Abstract
Advances in GPS tracking technologies have allowed for rapid assessment of important
oceanographic regions for seabirds. This allows us to understand seabird distributions, and
the characteristics which determine the success of populations. In many cases, quality
GPS tracking data may not be available; however, long term population monitoring data
may exist. In this study, a method to infer important oceanographic regions for seabirds will
be presented using breeding sooty shearwaters as a case study. This method combines a
popular machine learning algorithm (generalized boosted regression modeling), geographic
information systems, long-term ecological data and open access oceanographic datasets.

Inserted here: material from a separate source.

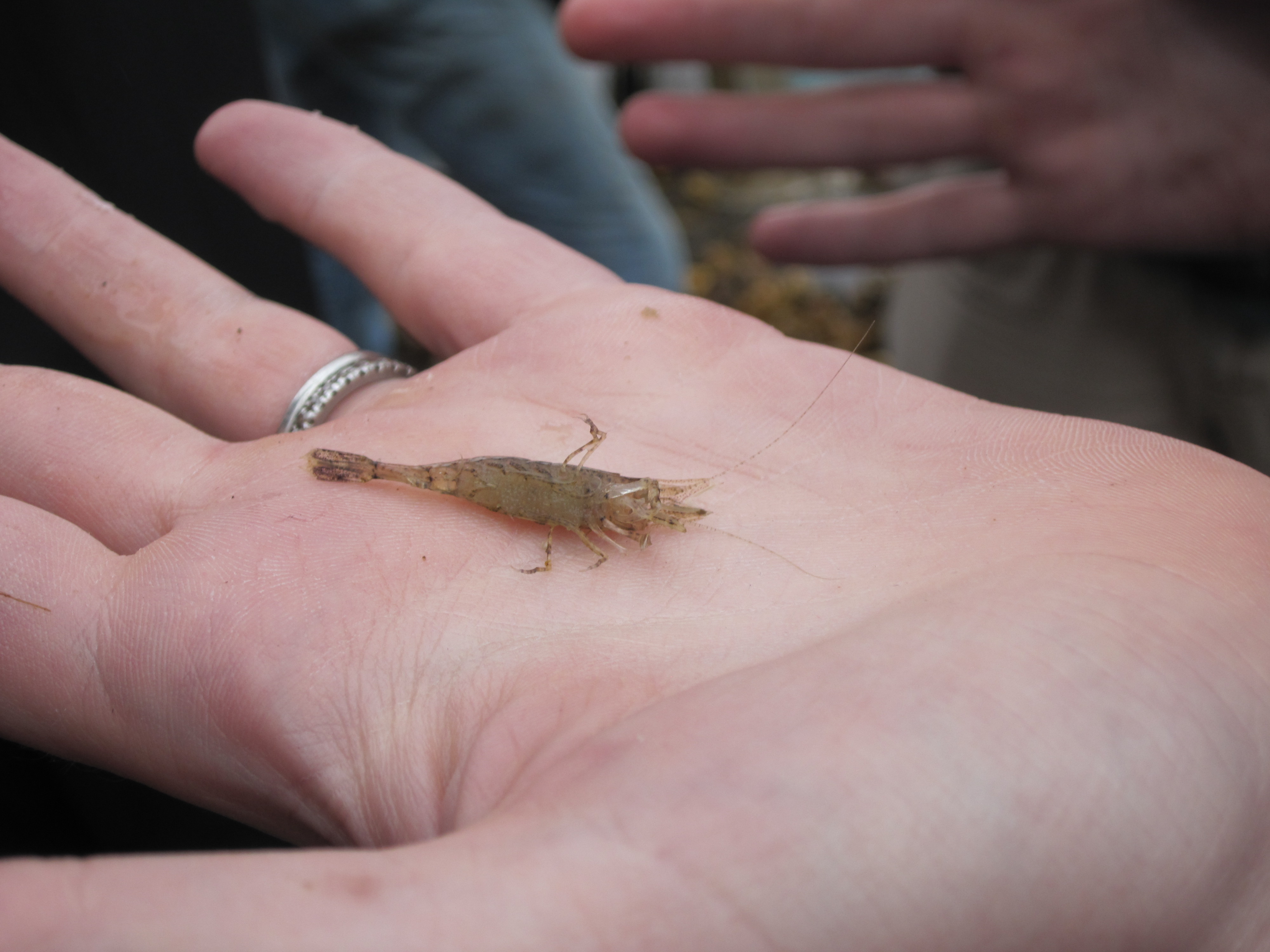 A small crustacean (not sure what this is? It kept jumping out of our hands. Slippery sucker)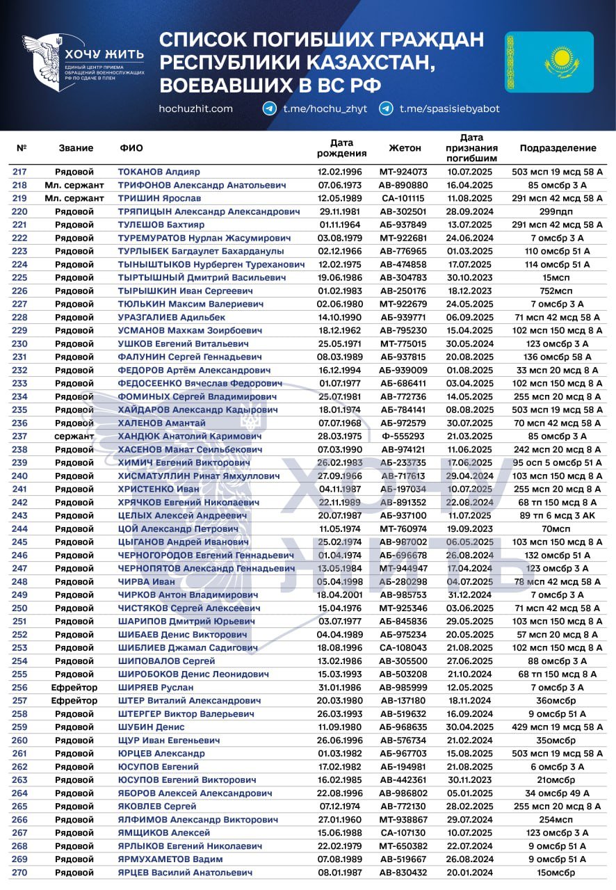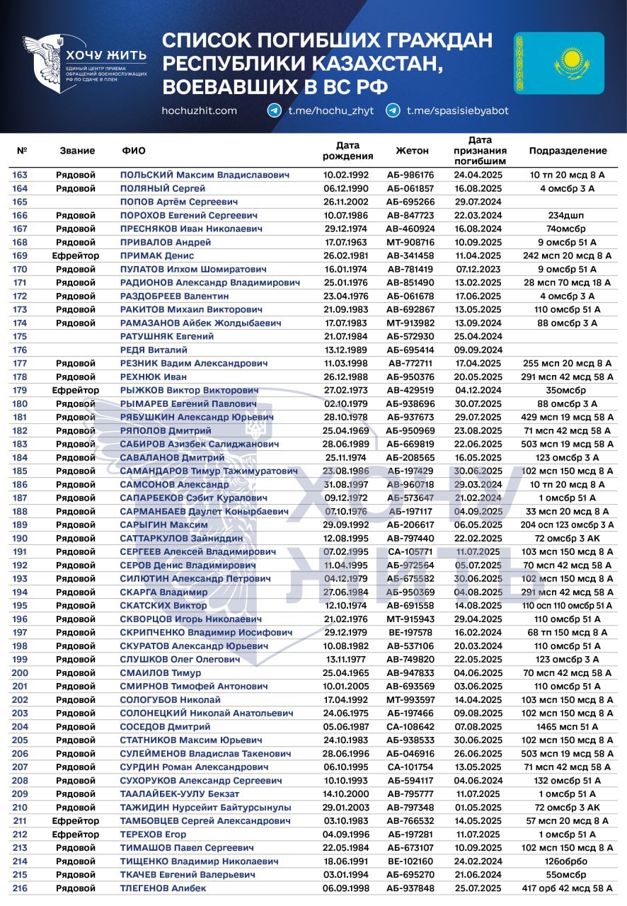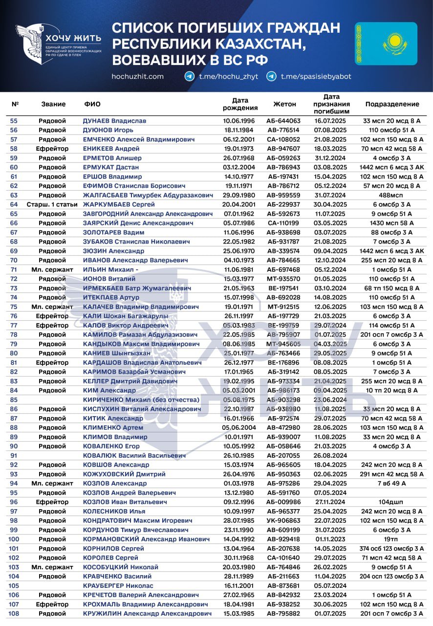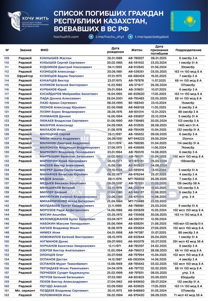 Судя по данным «Хочу жить», даты смерти казахстанцев, воевавших в 110-й бригаде, делятся почти поровну — весна 2024-го и весна-лето 2025-го. В марте 2024-го бригада получила благодарность от тогдашнего министра обороны РФ Сергея Шойгу за «освобождение» Авдеевки. Стоит предположить, что часть граждан РК там и погибла. В начале 2025 года 110-я участвовала в наступлении на город Курахово Донецкой области. А сейчас, как и многие из упомянутых здесь подразделений, находится на Покровском выступе и пытается наступать на Мирноград.

Time series of chick size and harvest index data derived from a long term dataset of Maori
‘muttonbirder’ diaries were obtained and used as response variables in a gridded spatial
model. It was found that areas of the sub-Antarctic water region best capture the variation in
the chick size data. Oceanographic features including wind speed and charnock (a derived
variable representing ocean surface roughness) came out as top predictor variables in
these models. Previously collected GPS data demonstrates that these regions are used as
“flyways” by sooty shearwaters during the breeding season. It is therefore likely that wind
speeds in these flyways affect the ability of sooty shearwaters to provision for their chicks
due to changes in flight dynamics. This approach was designed to utilize machine learning
methodology but can also be implemented with other statistical algorithms. Furthermore,
these methods can be applied to any long term time series of population data to identify
important regions for a species of interest.